Second, the retrospective character of our study did not allow a case-crossover study design (cases serve as their own controls and therefore the design eliminates confounding by stable individual characteristics) because a detailed memory of the daily activities on just an ordinary day in the past (control-day) or a broader period of time is often not very clear. Due to the absence of this control group, a comparison with the prevalence of triggers in an average PCI-cohort cannot be made. Nonetheless, our data reveal a relatively high prevalence of triggering mechanisms in patients with ST as compared to the prevalence of similar triggering mechanisms in myocardial infarction (vigorous physical exercise: 3.8% to 10%16,28,33,46,49, any emotional stress: 4.4% - 6.8%26,28,49)
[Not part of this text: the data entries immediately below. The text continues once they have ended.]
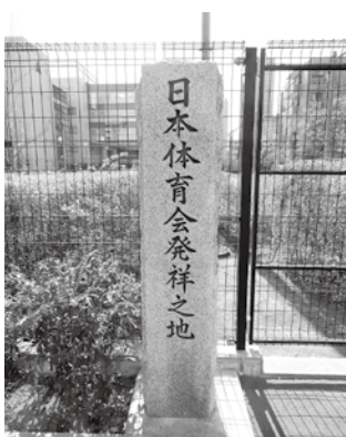
▲ 日本体育会発祥の地石碑 (東京都新宿区原町3丁目)

「いだてん」の中では対立する組織の長として、敵役のように描かれていますが、このように見ていくと、必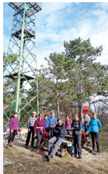
Na vrhu Lačne pod razglednim stolpom

Preživeti prijeten dan v dobri družbi je vedno dobrodošlo, zato upam, da bomo kmalu spet obuli pohodniške čevlje, si oprtali nahrbtnike in se podali novim dogodivščinam naproti. Ko bo spet kaj novega, se znova oglasim s prispevkom v našem glasilu, do takrat vsi skupaj upoštevajmo navodila za umiritev pandemije in ostani mo zdravi.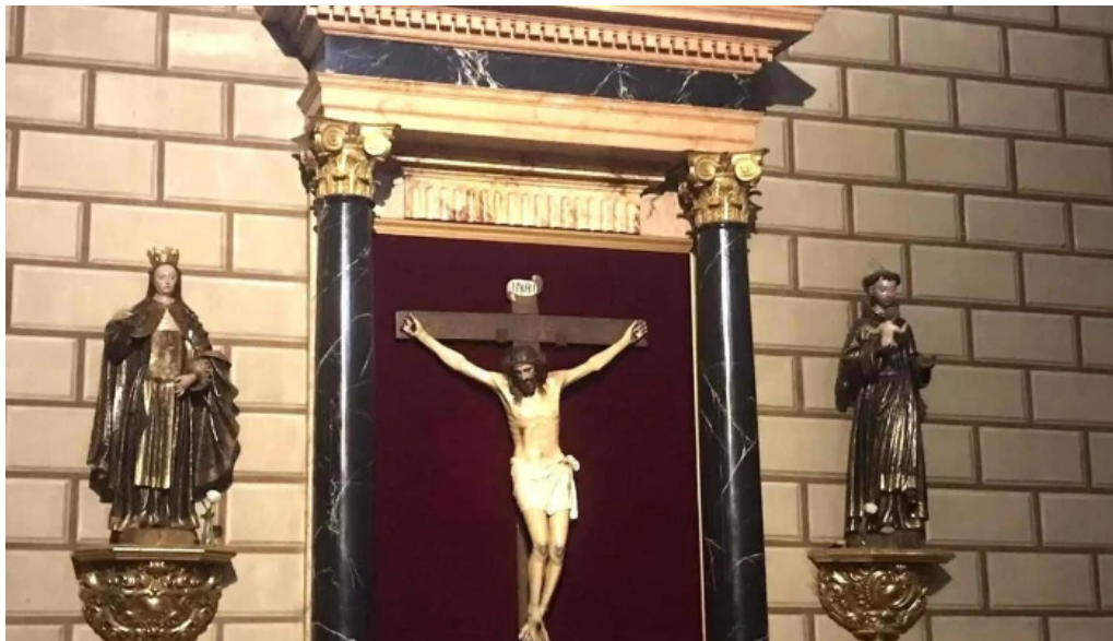
Antzinako birjinaren santutegia santuario de la virgen de la antigua videos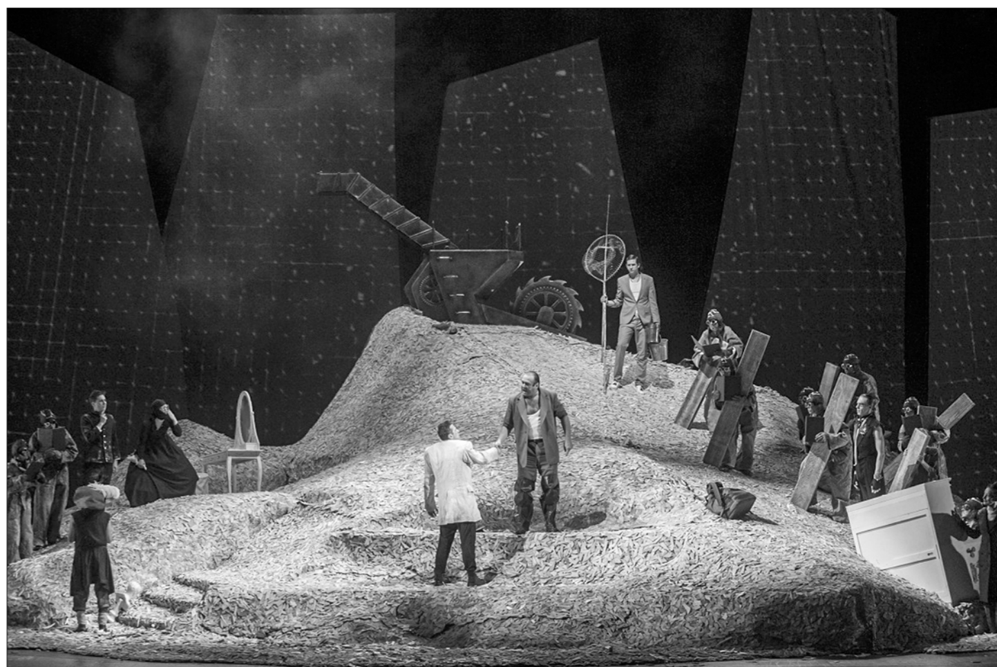
□ Огромной горой опилок, собственно, и обернулся на сцене нынешнего МХАТ знаменитый «Лес» А.Н. Островского.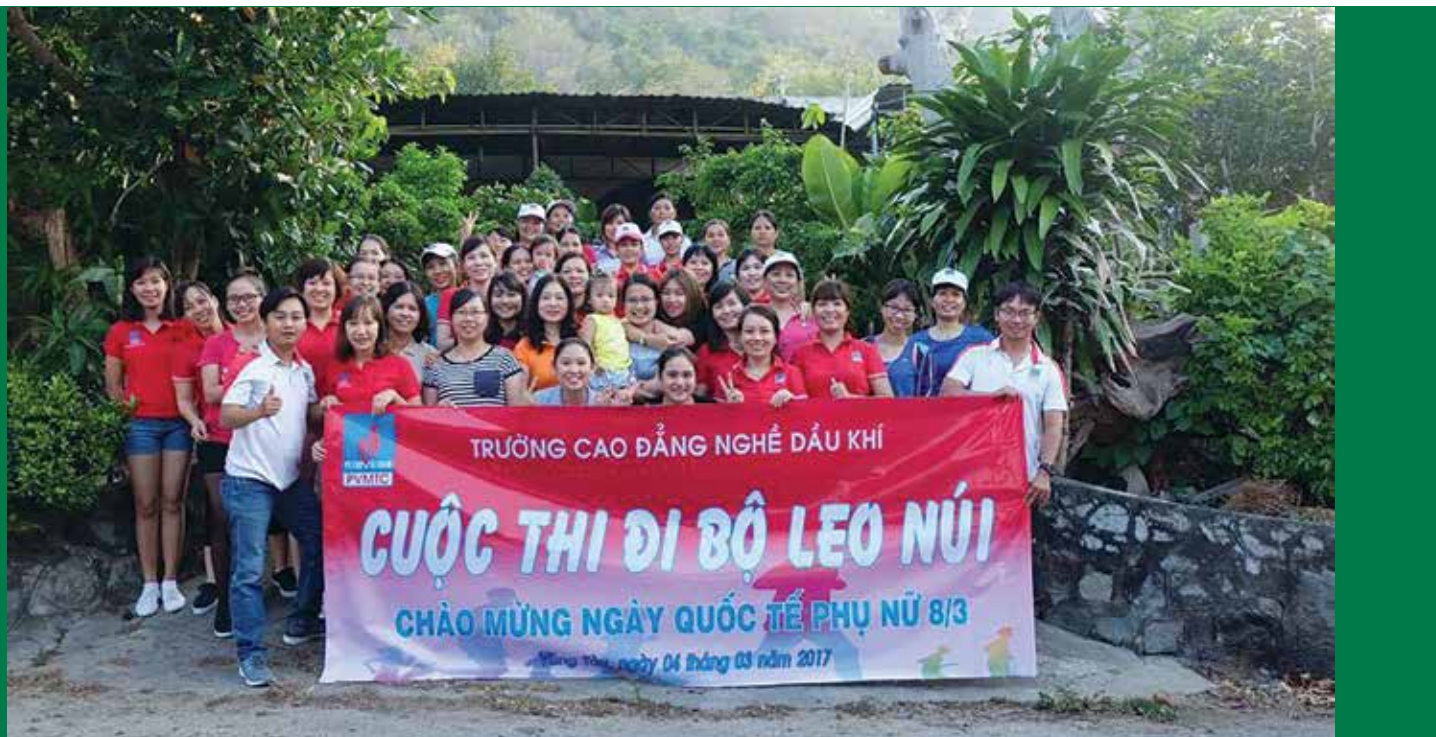
Nữ CBCNV PVMTC tham gia Cuộc thi đi bộ, leo núi chào mừng Ngày Quốc tế Phụ nữ 8/3

Trường Cao đẳng nghề Dầu khí đã tổ chức hội thi đi bộ, leo núi vào ngày 4/3/2017, tại chân núi Lớn, thành phố Vũng Tàu. Đây là hoạt động nhằm chào mừng Ngày Quốc tế Phụ nữ 8/3. Tham dự hội thi có đại diện Ban Giám hiệu, Công đoàn cơ sở và Đoàn Thanh niên cơ sở và gần 100 các VĐV nữ cùng đồng nghiệp thân, bạn bè, đồng nghiệp tới cổ vũ.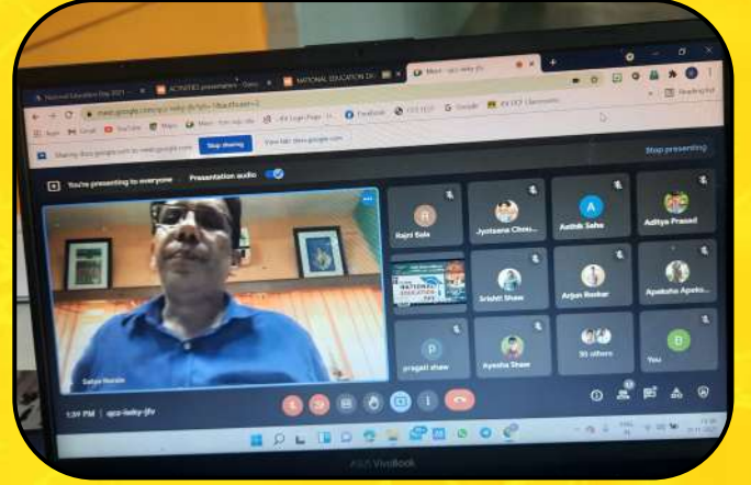
शिक्षक दिवस समारोह (Teacher's Day Celebration)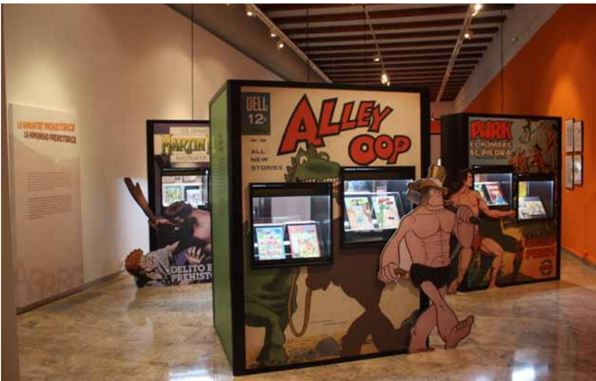
Fig. 8. Vista de la exposición temporal «Prehistoria y cómic», 2016.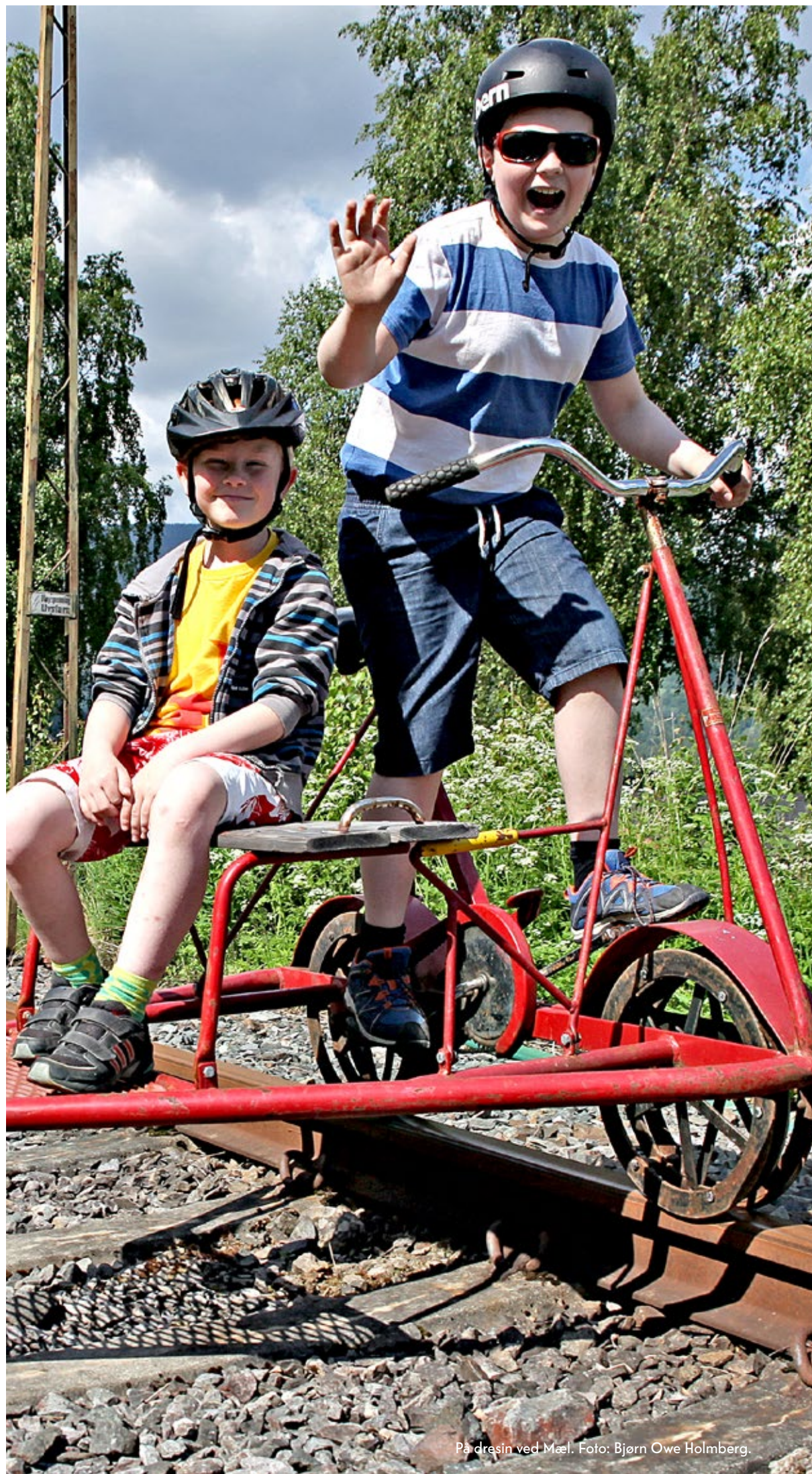
På dresin ved Mæl.

To overcome the aforementioned important limitations, very strict criteria were used to assign the presence of an exercise or emotional trigger. In addition, the interview was always started with an open question. Moreover, well-standardised reference charts and questionnaires from the field of sports medicine and psychology were used.
In conclusion, triggering mechanisms such as time of the day, physical exertion, emotional stress and infection may play an important role in a considerable number of patients presenting with ST. The prevalence of these triggering mechanisms is particularly high in patients with late and very late ST.
The present study was presented as an oral session during the American Heart Association Scientific Sessions in New Orleans (US) on November 11th 2008.
The sponsor, Sanofi Aventis, had no role in the design and conduct of the study; in the collection, management, analysis, and interpretation of the data, or in the preparation, review, or approval of the manuscript.